Ladies and Gentlemen:

     We are acting as counsel to Equity Residential Properties Trust, a Maryland
real estate investment trust (the "Company"), in connection with its
registration statement on Form S-3 (SEC File No. 333-12211) (the "Registration
Statement") previously declared effective by the Securities and Exchange
Commission relating to (a) the proposed public offering of up to $500,000,000 in
aggregate amount of its common shares of beneficial interest, $.01 par value per
share ("Common Shares") and one or more series of its (i) preferred shares of
beneficial interest, $.01 par value per share (the "Preferred Shares") and (ii)
depositary shares representing fractional interests in Preferred Shares (the
"Depositary Shares" and, together with the Preferred Shares and Common Shares,
the "Securities"), all of which Securities may be offered and sold by the
Company from time to time as set forth in the prospectus which forms a part of
the Registration Statement (the "Prospectus"), and as to be set forth in one or
more supplements to the Prospectus (each, a "Prospectus Supplement").
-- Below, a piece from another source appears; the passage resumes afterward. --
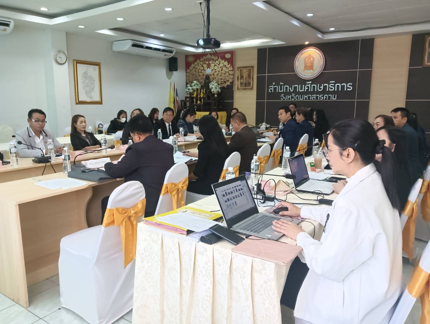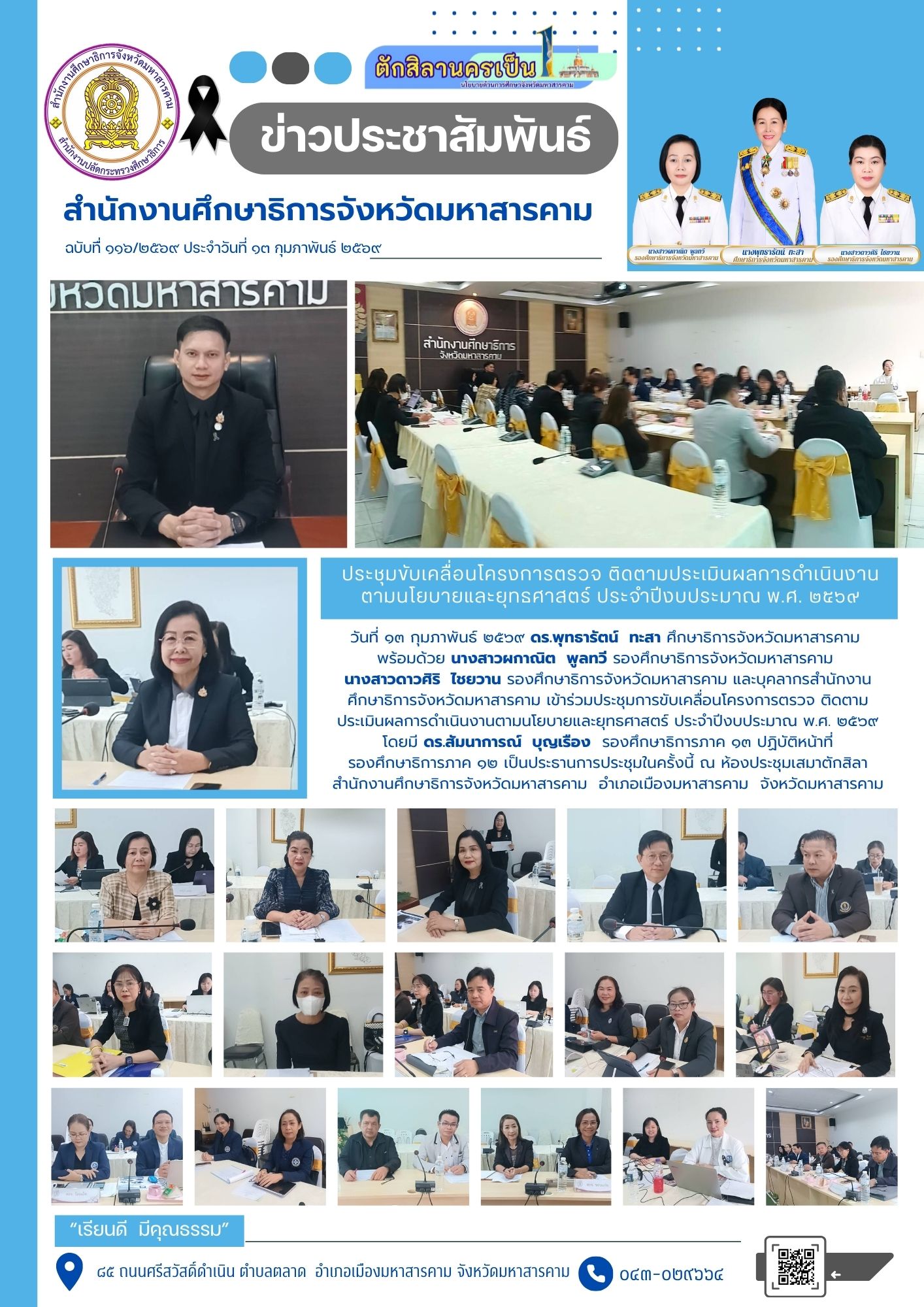 กิจกรรม วันที่ ๑๓ กุมภาพันธ์ ๒๕๖๙ ดร.พุทธารัตน์ ทะสา ศึกษาธิการจังหวัดมหาสารคาม พร้อมด้วย นางสาวผกาณิต พูลทวี รองศึกษาธิการจังหวัดมหาสารคาม นางสาวดาวศิริ ไชยวาน รองศึกษาธิการจังหวัดมหาสารคาม และบุคลากรสำนักงานศึกษาธิการจังหวัดมหาสารคาม เข้าร่วมประชุมการขับเคลื่อนโครงการตรวจ ติดตาม ประเมินผลการดำเนินงานตามนโยบายและยุทธศาสตร์ ประจำปีงบประมาณ พ.ศ. ๒๕๖๙ โดยมี ดร.สัมนาการณ์ บุญเรือง รองศึกษาธิการภาค ๑๓ ปฏิบัติหน้าที่รองศึกษาธิการภาค ๑๒ เป็นประธานการประชุมในครั้งนี้ ณ ห้องประชุมเสมาตักสิลา สำนักงานศึกษาธิการจังหวัดมหาสารคาม อำเภอเมืองมหาสารคาม จังหวัดมหาสารคาม Posted on 13 February 202613 February 2026 by admin admin วันศุกร์ที่ 13 ก.พ. 2569 เวลา 09.00 น. ดร.พุทธารัตน์ ทะสา ศึกษาธิการจังหวัดมหาสารคาม พร้อมด้วย ดร.กาญจนา วิเศษรินทอง ผู้อำนวยการกลุ่มนิเทศติดตามและประเมินผล นางอรดี วรรณคำ ผู้อำนวยการกลุ่มพัฒนาการศึกษา นายธีระเดช รัตนเมือง ผู้อำนวยการหน่วยตรวจสอบภายใน และเจ้าหน้าที่คุรุสภาประจำศึกษาธิการจังหวัดมหาสารคาม ร่วมพิธีทำบุญสำนักงาน สกสค.จังหวัดมหาสารคาม และแสดงความยินดีกับ ดร.ปราณี รัตนธรรม เข้ารับตำแหน่ง ผู้อำนวยการสำนักงานคณะกรรมการส่งเสริมสวัสดิการและสวัสดิภาพครูและบุคลากรทางการศึกษา จังหวัดมหาสารคาม ณ สำนักงานคณะกรรมการส่งเสริมสวัสดิการและสวัสดิภาพครูและบุคลากรทางการศึกษา จังหวัดมหาสารคาม ตำบลแวงน่าง อำเภอเมืองมหาสารคาม จังหวัดมหาสารคาม

This
opinion letter is rendered in connection with the proposed public offering of an
aggregate of 982,200 Common Shares (the "Shares") as described in a Prospectus
Supplement dated March 24, 1997. This opinion letter is furnished to you at your
request to enable the Company to continue to fulfill the requirements of Item
601(b)(4) of Regulation S-K, 17 C.F.R. (S)229.601(b)(5), in connection with the
Registration Statement.

     For purposes of this opinion letter, we have examined copies of the
following documents:

          1. An executed copy of the Registration Statement.

          2. The Amended and Restated Declaration of Trust, as amended, of the
             Company (the "Declaration of Trust"), as certified by the Maryland
             State Department of Assessments and Taxation on March 11, 1997 and
             by the Secretary of the Company on the date hereof as then being
             complete, accurate and in effect.
<PAGE>
 
Board of Trustees
Equity Residential Properties Trust
March 25, 1997
Page 2




          3. The Amended and Restated Bylaws of the Company, as certified by the
             Secretary of the Company on the date hereof as then being complete,
             accurate and in effect.

          4. Resolutions of the Board of Trustees of the Company adopted on
             September 8, 1995 and September 13, 1996 relating to the filing of
             the Registration Statement and related matters, and on February 24,
             1997, and of the Pricing Committee of the Board of Trustees on
             March 13, 1997 and March 24, 1997, relating to the offering of the
             Shares, as certified by the Secretary of the Company on the date
             hereof as then being complete, accurate and in effect.

          5. An executed copy of the Terms Agreement, dated March 24, 1997,
             among the Company, ERP Operating Limited Partnership and Smith
             Barney Inc., which incorporates therein the terms and provisions of
             the Company's Standard Underwriting Provisions, dated December 2,
             1996 (collectively, the "Purchase Agreement").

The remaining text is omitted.